● **YOUR OBJECTIVE**
Return the listing below verbatim. Pictures do not belong in the copy.

● **DATASET CONTENT**

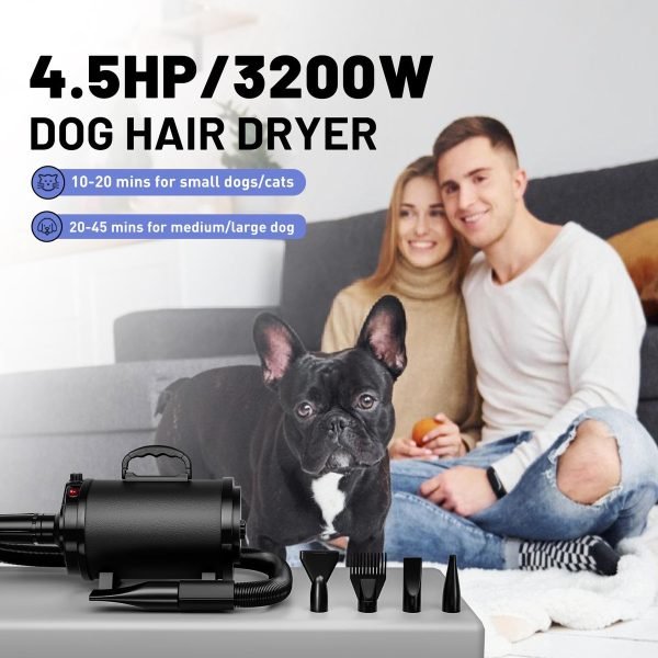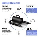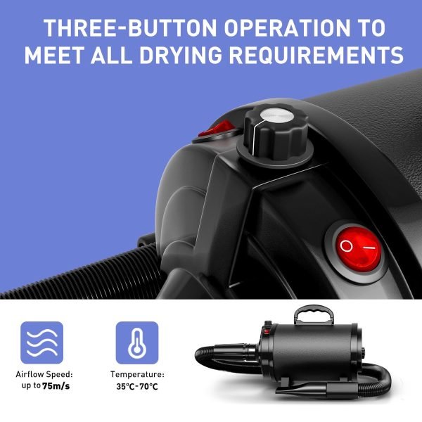 3800w stable output power: Dog hair dryer is equipped with an upgraded 3800w/5.2PS motor. It can continuously deliver strong performance. You can use the button to set the wind speed, and the speed range is 15-75m/s
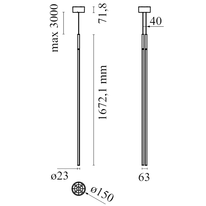 Lámpara de suspensión formada por dos barras verticales. Dimensiones: Ø23x167,21h cm.
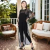 Colia Diamante Mesh Corset Satin Maxi Dress – Black

● **EXPECTED OUTPUT**
 3800w stable output power: Dog hair dryer is equipped with an upgraded 3800w/5.2PS motor. It can continuously deliver strong performance. You can use the button to set the wind speed, and the speed range is 15-75m/s
 Lámpara de suspensión formada por dos barras verticales. Dimensiones: Ø23x167,21h cm.
 Colia Diamante Mesh Corset Satin Maxi Dress – Black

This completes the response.